— Brief —
Retype, word for word, every line starting at the line with "El problema con" and ending with the final line of the entries; skip the pictures.

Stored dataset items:
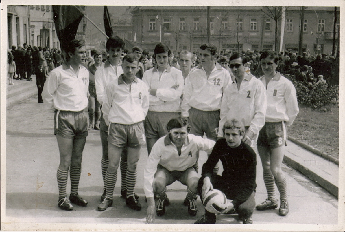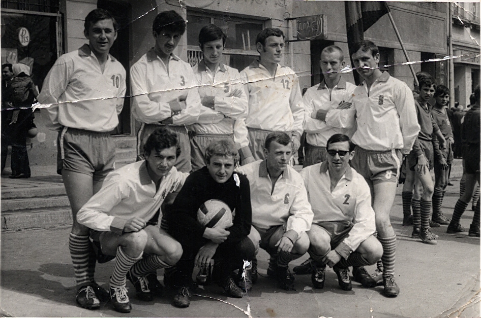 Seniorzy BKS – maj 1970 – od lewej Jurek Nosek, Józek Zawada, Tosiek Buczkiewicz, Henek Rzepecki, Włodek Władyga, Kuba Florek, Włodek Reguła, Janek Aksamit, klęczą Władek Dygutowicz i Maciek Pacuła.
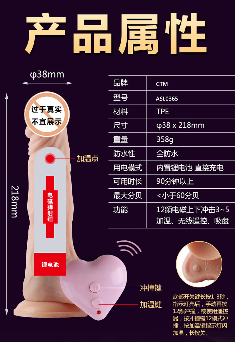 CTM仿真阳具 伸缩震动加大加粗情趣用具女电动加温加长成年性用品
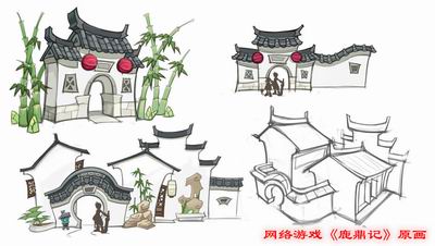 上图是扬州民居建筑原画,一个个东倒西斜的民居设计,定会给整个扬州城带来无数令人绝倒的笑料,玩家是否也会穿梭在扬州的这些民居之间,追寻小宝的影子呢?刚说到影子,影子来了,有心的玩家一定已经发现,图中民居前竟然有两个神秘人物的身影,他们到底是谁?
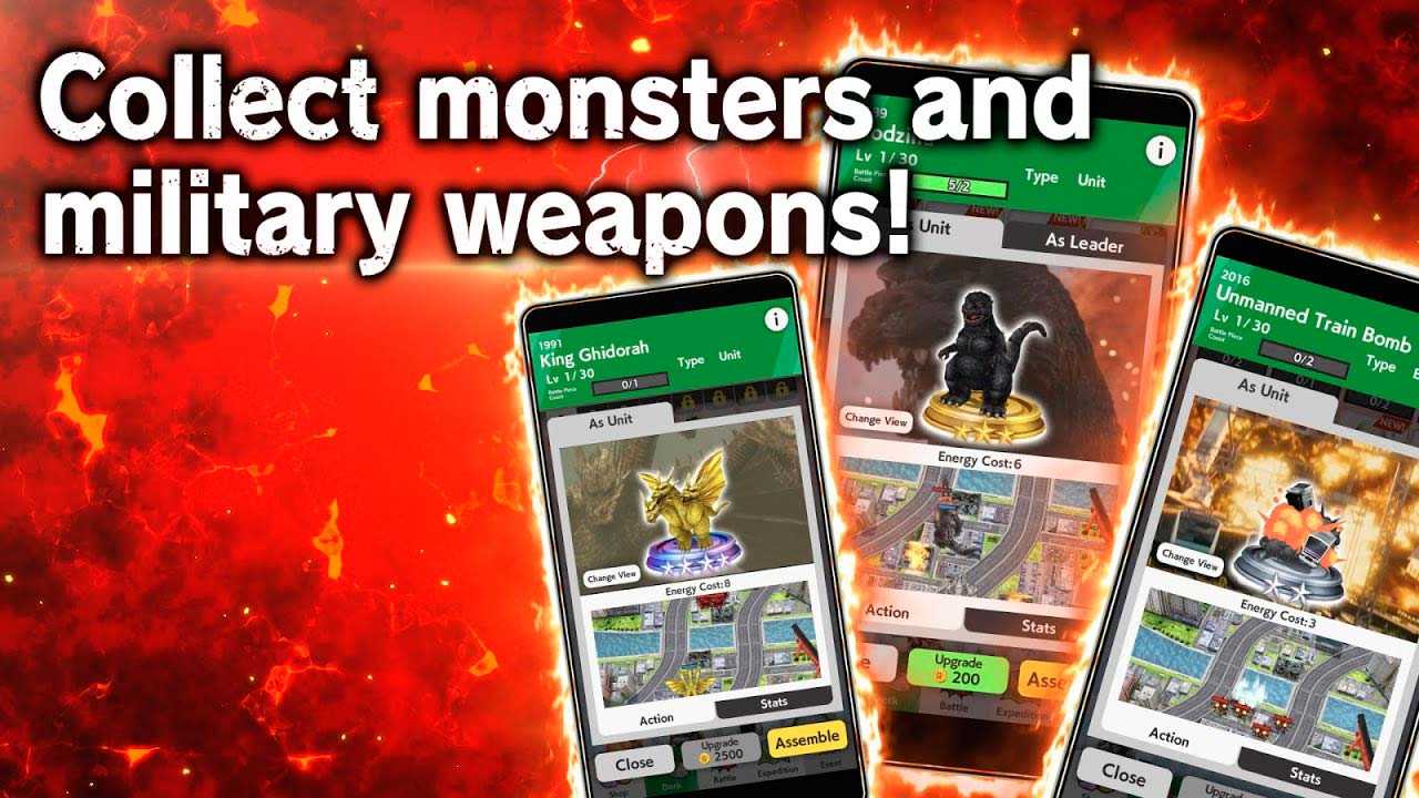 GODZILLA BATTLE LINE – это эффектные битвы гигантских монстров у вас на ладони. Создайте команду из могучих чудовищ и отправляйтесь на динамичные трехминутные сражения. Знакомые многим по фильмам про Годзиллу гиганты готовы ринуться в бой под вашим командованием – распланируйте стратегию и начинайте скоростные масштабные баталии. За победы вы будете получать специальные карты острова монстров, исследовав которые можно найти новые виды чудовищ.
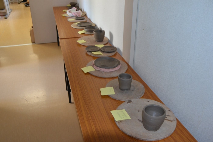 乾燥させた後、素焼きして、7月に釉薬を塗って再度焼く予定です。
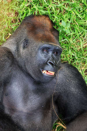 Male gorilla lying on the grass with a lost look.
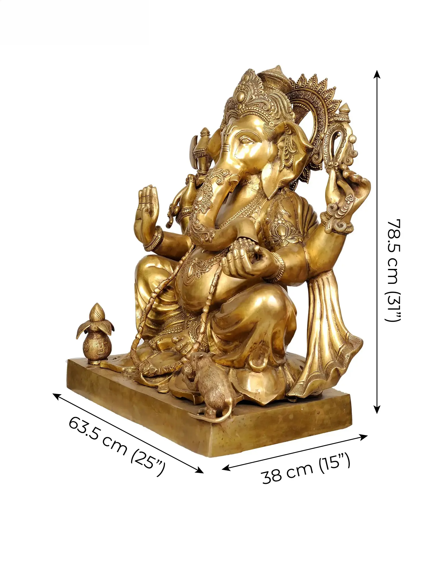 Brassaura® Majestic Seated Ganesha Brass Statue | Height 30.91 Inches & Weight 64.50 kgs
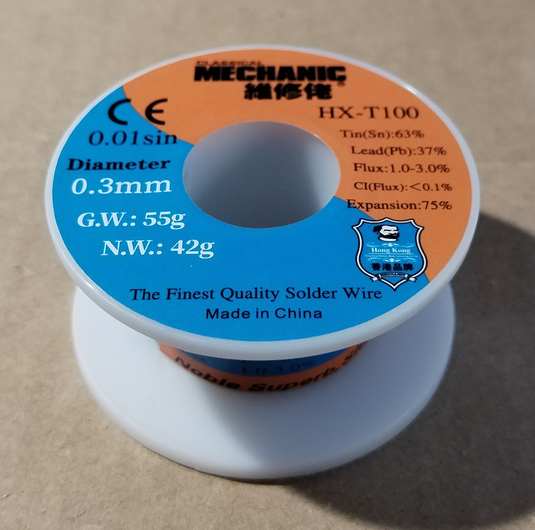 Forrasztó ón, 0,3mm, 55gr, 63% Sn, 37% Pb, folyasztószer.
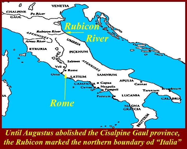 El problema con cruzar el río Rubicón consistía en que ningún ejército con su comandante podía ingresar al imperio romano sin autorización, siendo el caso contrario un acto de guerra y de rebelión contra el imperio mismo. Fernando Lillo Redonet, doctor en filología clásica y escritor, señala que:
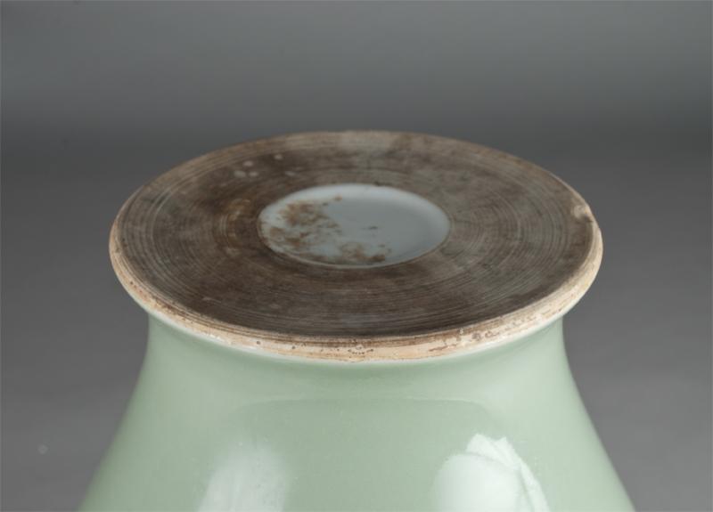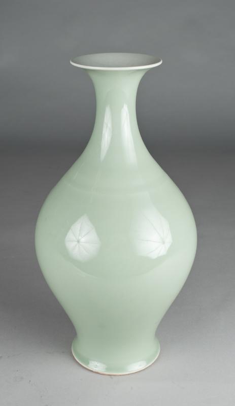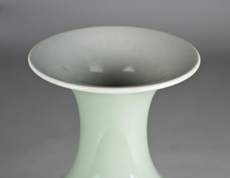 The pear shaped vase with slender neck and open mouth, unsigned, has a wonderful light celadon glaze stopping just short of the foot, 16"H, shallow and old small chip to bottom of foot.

— Answer section —
 El problema con cruzar el río Rubicón consistía en que ningún ejército con su comandante podía ingresar al imperio romano sin autorización, siendo el caso contrario un acto de guerra y de rebelión contra el imperio mismo. Fernando Lillo Redonet, doctor en filología clásica y escritor, señala que:
 The pear shaped vase with slender neck and open mouth, unsigned, has a wonderful light celadon glaze stopping just short of the foot, 16"H, shallow and old small chip to bottom of foot.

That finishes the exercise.